You know what I want for Christmas? Markup Barbie. You pull a string and she says “XML is tough.”


ROTFC&GWPM
I have to have Markup Barbie. Off to google for “hacking talking barbie”…
Comment by Phil Ringnalda — Wednesday, July 7, 2004 @ 3:05 am
IMO, the text/xml content type is one of the most unfortunate things that have happened to XML. Using it instead of application/xml almost warrants raising the bozo bit pre-emptively.
Comment by Henri Sivonen — Wednesday, July 7, 2004 @ 3:24 am
For those wondering what the hell Phil’s unmarked abbreviation means:
http://philringnalda.com/blog/2004/04/meet_the_new_boss.php
Comment by Matt — Wednesday, July 7, 2004 @ 3:56 am
Sounds like the only bad xml are the two with invalid characters. The rest of the problems have nothing to do with XML or its well-formedness. Transport of the XML is the issue (which is the same problem people have been screwing up since the first heterogeneous network).
XML itself is pretty damn trivial if you use the right tools to generate and parse, rather than think “I’ll just use print”.
Comment by Stuart — Wednesday, July 7, 2004 @ 5:18 am
> The rest of the problems have nothing to do with XML or its well-formedness.
You must be new here.
Comment by Mark — Wednesday, July 7, 2004 @ 8:15 am
For reference, RFC 3023 and the author of RFC 3023 on the well-formedness of XML served as text/plain.
Comment by Mark — Wednesday, July 7, 2004 @ 8:24 am
Mark, I think you might have misinterpreted that email judging by what you wrote above. It states:
“So, I think that MIME entities labelled as text/plain are not well-formed XML documents.”
I don’t think he was drawing a distinction between well-formed and malformed XML documents. I think he was just saying “nope, it’s not XML”. If the documents were to be treated as XML, they could indeed be well-formed, it’s just that proper use of HTTP means that they shouldn’t be treated as XML.
So, at least in this case, I agree with Stuart, this is an HTTP issue, not an XML issue. The same applies to anything served via HTTP with the wrong Content-Type header - “HTML” served as text/plain? Not HTML. “JPEG” served as application/xhtml+xml? Not JPEG. And so on. It’s not an XML issue.
Comment by Jim — Wednesday, July 7, 2004 @ 8:39 am
On the atom-syntax mailing list, I asked a specific question: how I should handle XML served as text/plain. The answer came back quite clearly, and from a source I would treat as authoritative: anything served as text/plain is not a well-formed XML document. At that point, the provisions of the XML specification kick in and demand immediate rejection.

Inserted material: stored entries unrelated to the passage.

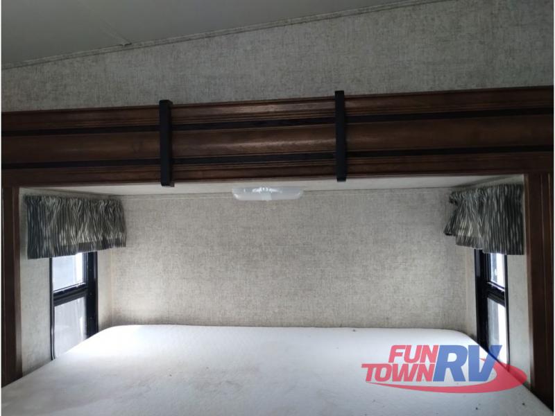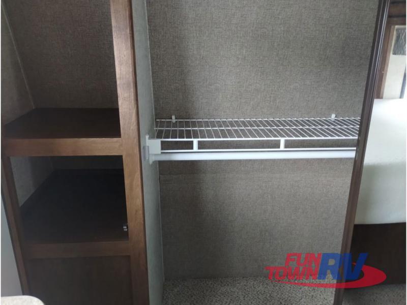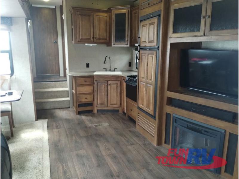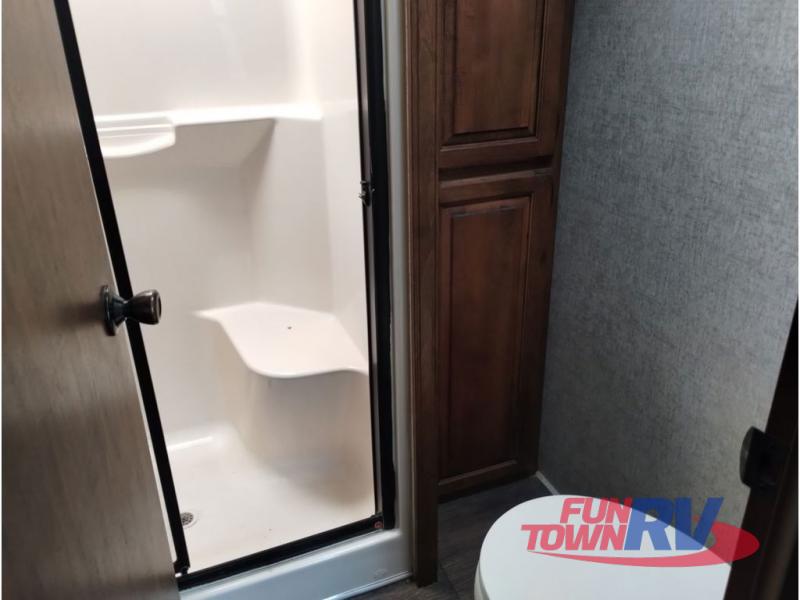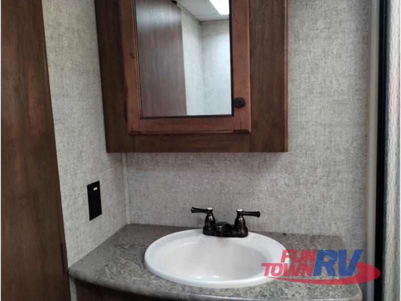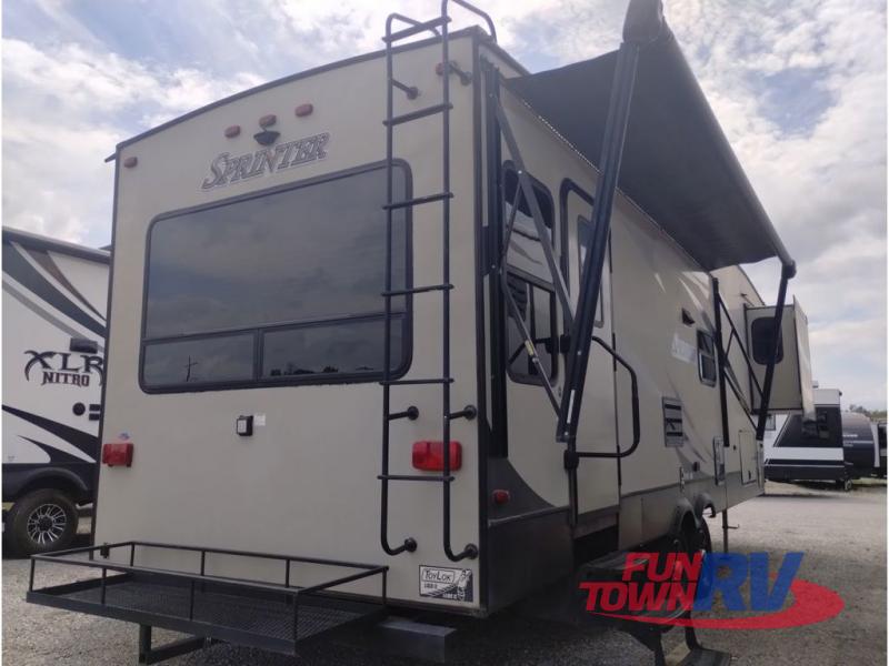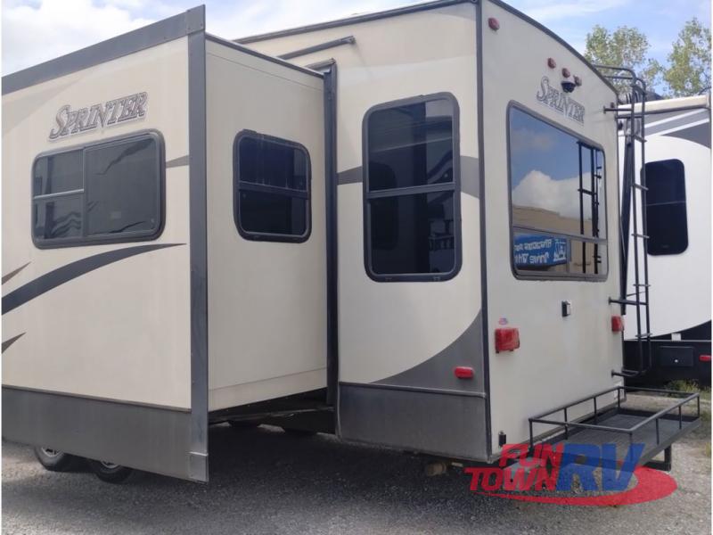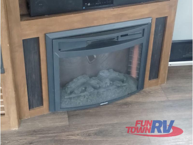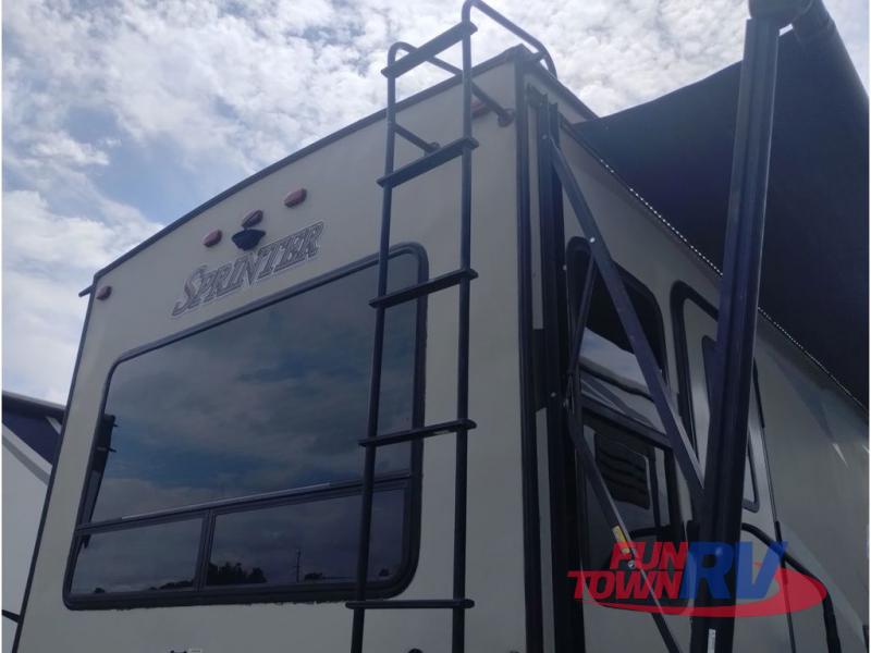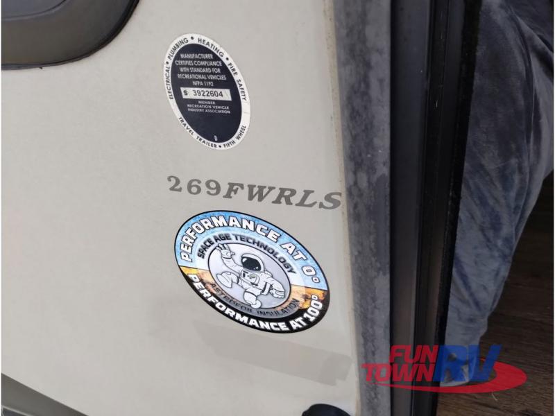 This Sprinter fifth wheel model 269FWRLS features a wide body design with an 8'4" width for added space. You will enjoy a rear living layout, double slides with the living area slide being 42" deep, and a fireplace also!
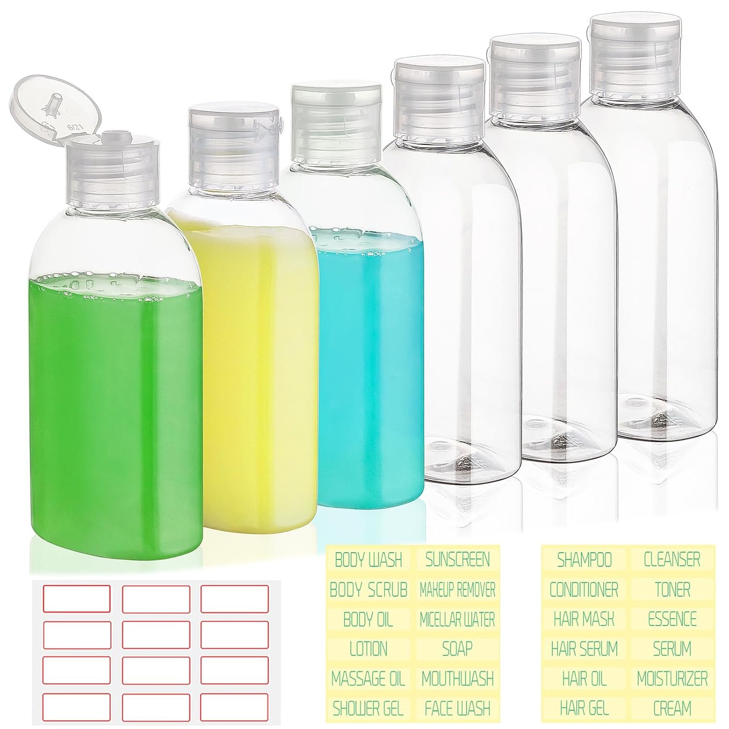 PVersatile Travel Size Toiletries: These 3.4oz/100ml travel bottles for toiletries are blank, 2 label with words stickers can easy to identify your travel bottles. Please Note:Not Recommended for Thick Liquids or Creams. These travel size containers are ideal for thin liquids like shampoo and body wash but not work well with thicker products.
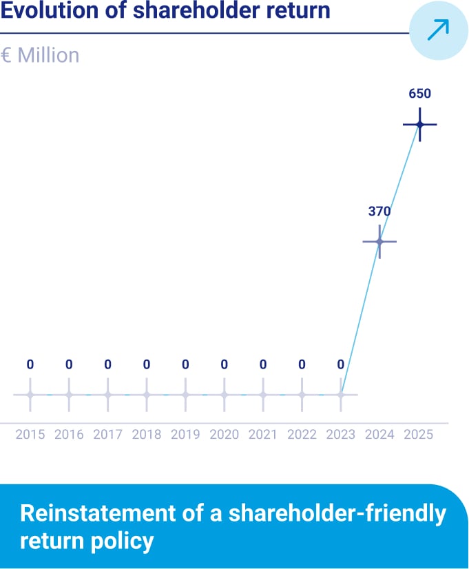 The dividend in 2025 marked the first return to shareholders in ten years and laid the foundations

Well-formedness is more than bytes; it’s also the transport. The XML specification itself references RFC 3023 to determine the character encoding of a document served over HTTP. And it makes no sense to say that an XML document is well-formed “except for that pesky encoding issue.” Determining the character encoding is a prerequisite for parsing, and therefore well-formedness.
We’ve been grappling with this issue for some time now on atom-syntax. There’s no way around RFC 3023, and believe me we’ve tried. If you’ve been downloading XML and throwing it blindly into your XML parser without looking at the Content-type header, *you are doing it wrong*. There’s no two ways to look at it. You’re just wrong. Stop doing that.
Comment by Mark — Wednesday, July 7, 2004 @ 9:08 am
Actually, the problem with http://blogs.sun.com/roller/rss/rgwk isn’t that it contains illegal characters - it doesn’t.
The problem is that the document appears chopped off in the middle - the last line is:
<guid isPermaLink=”true”>http://blogs.sun.com/roller
Comment by Daniel Martin — Wednesday, July 7, 2004 @ 9:46 am
I stand corrected. I had assumed that that was just the parser’s way of telling me there was an invalid character, and refusing to show me any further characters.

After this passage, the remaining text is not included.